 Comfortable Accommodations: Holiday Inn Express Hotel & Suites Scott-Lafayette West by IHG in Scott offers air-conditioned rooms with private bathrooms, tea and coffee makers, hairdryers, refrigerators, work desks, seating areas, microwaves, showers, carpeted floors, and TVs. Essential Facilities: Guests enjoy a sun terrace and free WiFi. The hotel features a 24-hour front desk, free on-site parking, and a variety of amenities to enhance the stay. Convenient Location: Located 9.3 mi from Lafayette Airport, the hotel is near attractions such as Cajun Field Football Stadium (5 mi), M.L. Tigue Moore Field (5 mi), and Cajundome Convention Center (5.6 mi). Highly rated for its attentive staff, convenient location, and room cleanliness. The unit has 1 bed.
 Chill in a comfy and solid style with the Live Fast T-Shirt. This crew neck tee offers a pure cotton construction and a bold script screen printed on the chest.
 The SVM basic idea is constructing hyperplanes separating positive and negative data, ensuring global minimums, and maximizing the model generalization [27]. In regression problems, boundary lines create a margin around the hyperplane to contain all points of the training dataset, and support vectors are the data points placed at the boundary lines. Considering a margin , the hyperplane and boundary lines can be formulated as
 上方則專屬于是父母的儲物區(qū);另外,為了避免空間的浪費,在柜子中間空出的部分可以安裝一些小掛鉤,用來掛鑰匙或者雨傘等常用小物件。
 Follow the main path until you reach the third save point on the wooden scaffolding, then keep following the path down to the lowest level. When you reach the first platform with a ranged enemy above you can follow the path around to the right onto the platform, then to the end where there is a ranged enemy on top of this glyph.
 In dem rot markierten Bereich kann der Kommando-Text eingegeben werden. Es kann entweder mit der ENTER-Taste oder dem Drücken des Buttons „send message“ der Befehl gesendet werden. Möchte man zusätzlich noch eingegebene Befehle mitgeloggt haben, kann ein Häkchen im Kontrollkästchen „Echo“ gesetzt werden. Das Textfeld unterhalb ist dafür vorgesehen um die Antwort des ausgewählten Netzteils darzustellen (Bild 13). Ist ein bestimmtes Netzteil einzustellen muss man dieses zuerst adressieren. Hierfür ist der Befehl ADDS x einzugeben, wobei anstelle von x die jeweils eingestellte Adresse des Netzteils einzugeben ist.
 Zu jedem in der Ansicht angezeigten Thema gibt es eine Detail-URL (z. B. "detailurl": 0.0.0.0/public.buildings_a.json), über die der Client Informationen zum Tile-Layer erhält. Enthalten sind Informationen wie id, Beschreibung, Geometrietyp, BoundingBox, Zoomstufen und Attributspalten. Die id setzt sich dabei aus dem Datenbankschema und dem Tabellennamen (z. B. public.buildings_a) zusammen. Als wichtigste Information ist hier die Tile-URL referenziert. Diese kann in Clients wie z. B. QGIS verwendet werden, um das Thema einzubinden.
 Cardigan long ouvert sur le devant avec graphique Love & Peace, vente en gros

---

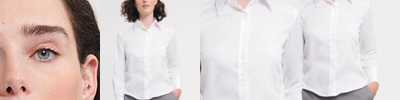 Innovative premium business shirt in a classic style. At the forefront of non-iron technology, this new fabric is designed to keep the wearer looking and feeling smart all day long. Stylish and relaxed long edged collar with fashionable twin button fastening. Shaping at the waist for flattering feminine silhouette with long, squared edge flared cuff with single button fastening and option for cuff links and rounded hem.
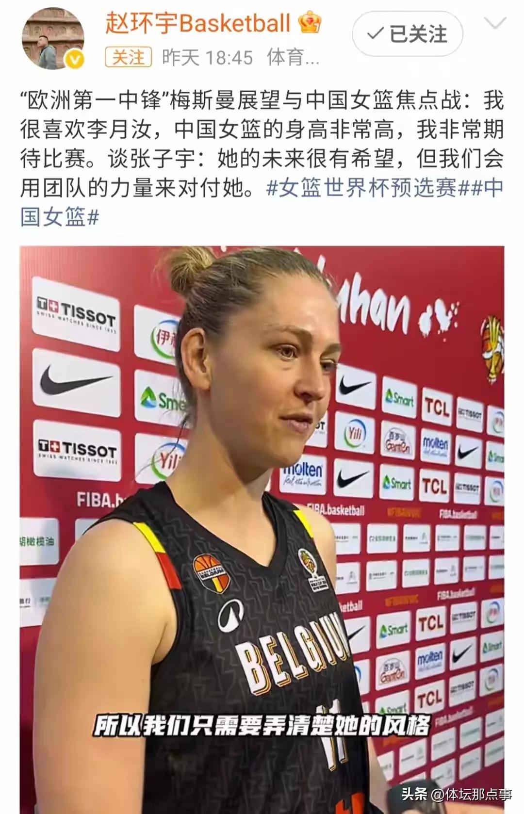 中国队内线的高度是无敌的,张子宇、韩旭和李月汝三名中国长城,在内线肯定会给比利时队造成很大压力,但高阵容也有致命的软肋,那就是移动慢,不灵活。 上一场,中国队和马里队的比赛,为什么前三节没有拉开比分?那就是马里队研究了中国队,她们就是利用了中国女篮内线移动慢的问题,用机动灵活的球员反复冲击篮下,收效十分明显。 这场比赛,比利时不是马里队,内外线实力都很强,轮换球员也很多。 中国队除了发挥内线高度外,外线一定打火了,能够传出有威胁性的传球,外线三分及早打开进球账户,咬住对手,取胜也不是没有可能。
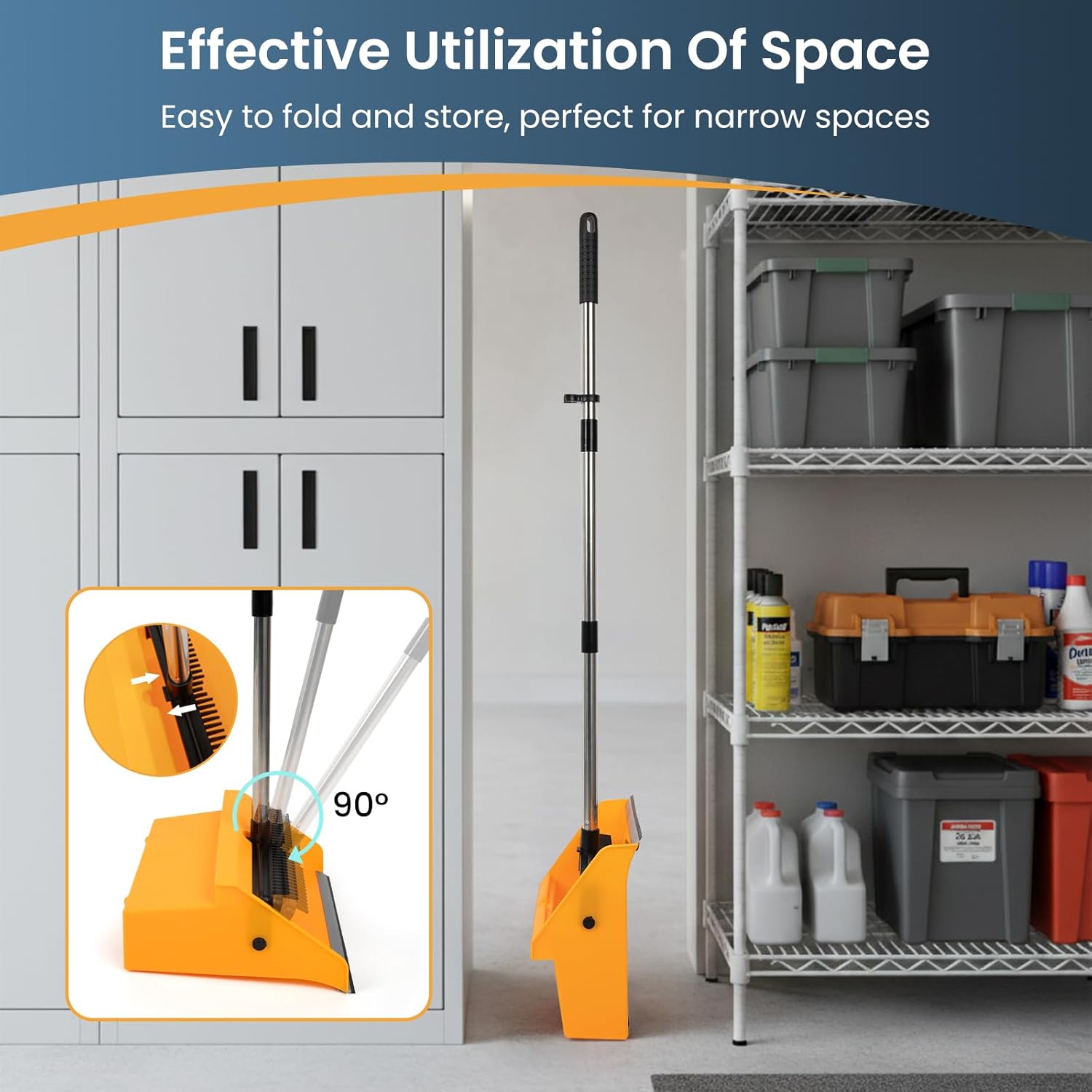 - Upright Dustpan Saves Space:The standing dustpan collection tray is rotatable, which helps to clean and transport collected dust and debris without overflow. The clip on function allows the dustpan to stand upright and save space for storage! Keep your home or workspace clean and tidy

Work to complete:
When you find a line in the records that contains the word "around", copy it.

Response to this task:
 The SVM basic idea is constructing hyperplanes separating positive and negative data, ensuring global minimums, and maximizing the model generalization [27]. In regression problems, boundary lines create a margin around the hyperplane to contain all points of the training dataset, and support vectors are the data points placed at the boundary lines. Considering a margin , the hyperplane and boundary lines can be formulated as
 Follow the main path until you reach the third save point on the wooden scaffolding, then keep following the path down to the lowest level. When you reach the first platform with a ranged enemy above you can follow the path around to the right onto the platform, then to the end where there is a ranged enemy on top of this glyph.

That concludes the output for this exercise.